▶ [Exercise requirements]:
Omit the pictures and reproduce the rest of the listing exactly.

Top of Data shown

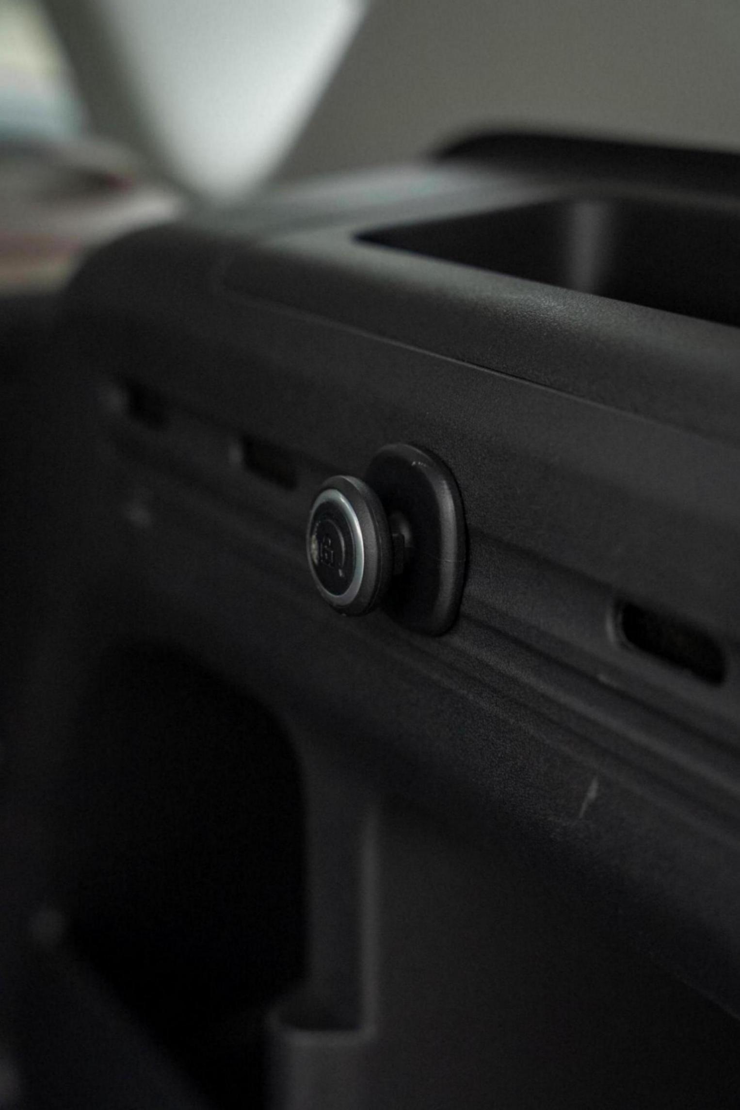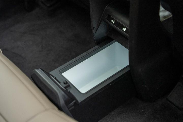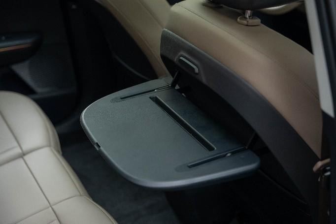 往后看,后排空間剛剛給大家演示過了,功能上講EV5還有個小桌板可以使用,一家人出游時(shí)放點(diǎn)零食什么的很方便。而且長續(xù)航高配車型搭載了容積為4升的冷暖箱,夏天喝冰可樂冬天溫一罐熱茶,舒舒服服。
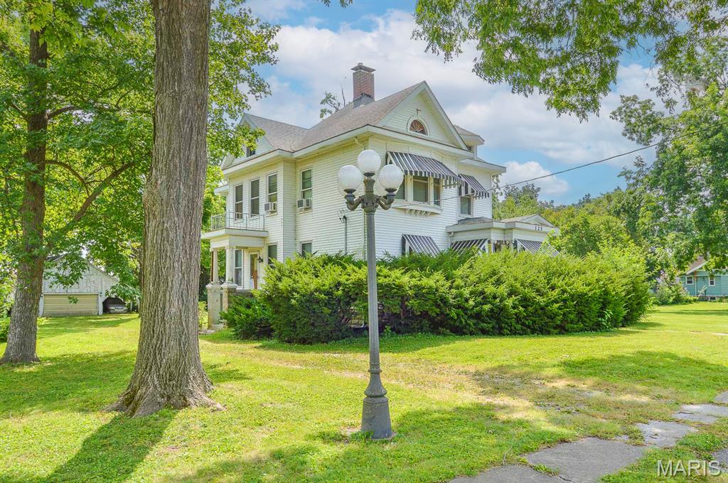 Price listed is Starting Bid Only. Bidding starts closing 10/29/2025 @ 6 p.m. This beautifully preserved two-story home in Marine, IL offers timeless charm and exceptional craftsmanship throughout its 4-bedroom, 2-bathroom layout. Situated on an oversized 0.90± acre double lot, the property welcomes you with a bright foyer where natural light highlights rich hardwood floors and ornate wainscoting, creating a warm and inviting atmosphere. The formal dining room features large bay windows, ideal for hosting memorable gatherings, while the cozy family room connects to a more formal living space through impressive six-panel pocket doors. The living room, anchored by a decorative fireplace with a stone hearth and a custom wooden pillared mantle, adding elegance and character. The full kitchen provides generous cabinet space, a standalone pantry, and all major appliances. A well-appointed three-quarter bathroom, tucked into one corner of the kitchen, while a doorway on the opposite side leads to a back staircase that winds up to the second-floor hallway. Upstairs, you will find four bedrooms and a full bathroom. Two of the bedrooms are oversized with ample closet space and large windows. Another bedroom offers views of the expansive yard through bay windows, and the fourth features built-in shelving with access to the unfinished attic via a small staircase. The full, unfinished basement houses the home's utilities and washer/dryer hookups, with walk-up access to the yard through large steel cellar doors. Outside, the double lot includes open lawns and mature shade trees, offering space to expand, garden, or play. A detached two-car garage sits at the rear corner of the property, accessible via a gravel driveway with additional alley access. Located within the Triad School District and just minutes from IL-4 and I-70, this home combines classic beauty with modern convenience for easy commuting and comfortable living. Property will sell under auction terms and be sold AS- IS, WHERE-IS. Seller, will not make any repairs as a result of any building, occupancy, or environmental inspections. Buyer will be required to sign an Auction Purchase & Sale Agreement if final bid is accepted by Sellers.
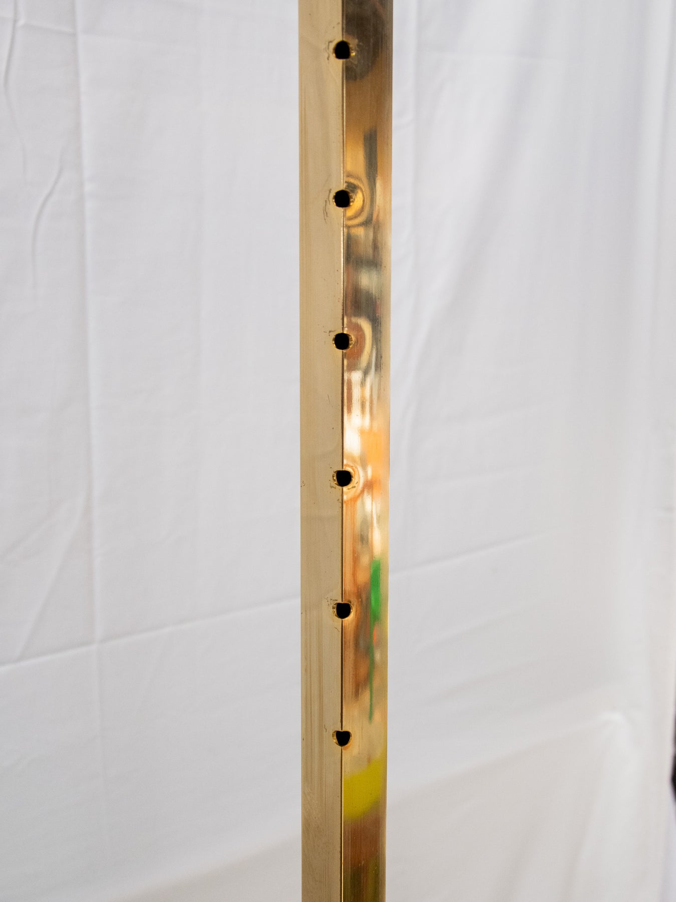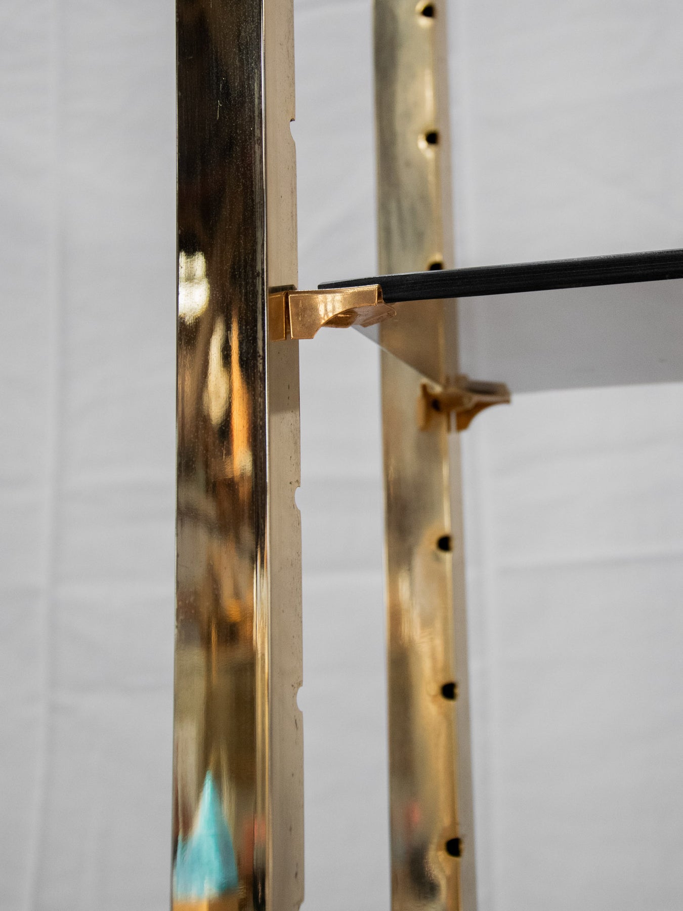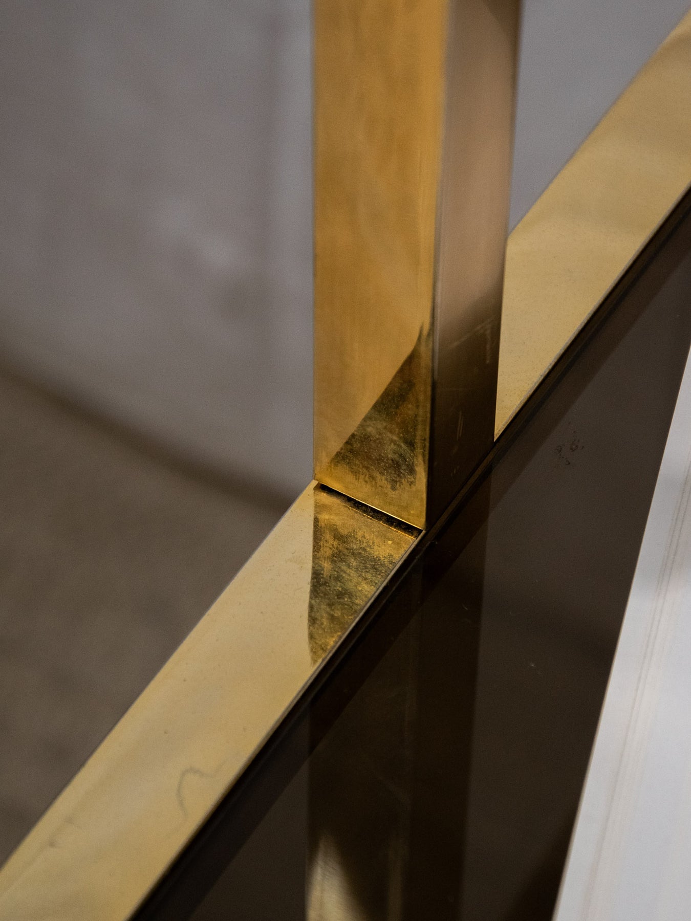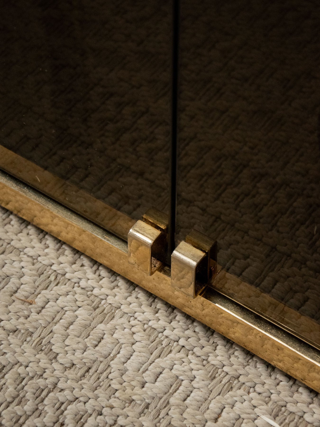 Découvrez cette élégante étagère avec une structure dorée, qui apporte une touche de sophistication à votre intérieur. Dotée de trois étagères en verre fumé, elle offre un espace de rangement à la fois fonctionnel et esthétique. Le placard en verre fumé, agrémenté de poignées dorées, assure un look raffiné tout en permettant un accès facile à vos objets. De plus, l'étagère haute réglable dans le placard s'adapte à vos besoins, tandis que sa structure plus fine apporte légèreté et élégance à votre décoration.

Bottom of Data shown

▶ [Written response]:
 往后看,后排空間剛剛給大家演示過了,功能上講EV5還有個小桌板可以使用,一家人出游時(shí)放點(diǎn)零食什么的很方便。而且長續(xù)航高配車型搭載了容積為4升的冷暖箱,夏天喝冰可樂冬天溫一罐熱茶,舒舒服服。
 Price listed is Starting Bid Only. Bidding starts closing 10/29/2025 @ 6 p.m. This beautifully preserved two-story home in Marine, IL offers timeless charm and exceptional craftsmanship throughout its 4-bedroom, 2-bathroom layout. Situated on an oversized 0.90± acre double lot, the property welcomes you with a bright foyer where natural light highlights rich hardwood floors and ornate wainscoting, creating a warm and inviting atmosphere. The formal dining room features large bay windows, ideal for hosting memorable gatherings, while the cozy family room connects to a more formal living space through impressive six-panel pocket doors. The living room, anchored by a decorative fireplace with a stone hearth and a custom wooden pillared mantle, adding elegance and character. The full kitchen provides generous cabinet space, a standalone pantry, and all major appliances. A well-appointed three-quarter bathroom, tucked into one corner of the kitchen, while a doorway on the opposite side leads to a back staircase that winds up to the second-floor hallway. Upstairs, you will find four bedrooms and a full bathroom. Two of the bedrooms are oversized with ample closet space and large windows. Another bedroom offers views of the expansive yard through bay windows, and the fourth features built-in shelving with access to the unfinished attic via a small staircase. The full, unfinished basement houses the home's utilities and washer/dryer hookups, with walk-up access to the yard through large steel cellar doors. Outside, the double lot includes open lawns and mature shade trees, offering space to expand, garden, or play. A detached two-car garage sits at the rear corner of the property, accessible via a gravel driveway with additional alley access. Located within the Triad School District and just minutes from IL-4 and I-70, this home combines classic beauty with modern convenience for easy commuting and comfortable living. Property will sell under auction terms and be sold AS- IS, WHERE-IS. Seller, will not make any repairs as a result of any building, occupancy, or environmental inspections. Buyer will be required to sign an Auction Purchase & Sale Agreement if final bid is accepted by Sellers.
 Découvrez cette élégante étagère avec une structure dorée, qui apporte une touche de sophistication à votre intérieur. Dotée de trois étagères en verre fumé, elle offre un espace de rangement à la fois fonctionnel et esthétique. Le placard en verre fumé, agrémenté de poignées dorées, assure un look raffiné tout en permettant un accès facile à vos objets. De plus, l'étagère haute réglable dans le placard s'adapte à vos besoins, tandis que sa structure plus fine apporte légèreté et élégance à votre décoration.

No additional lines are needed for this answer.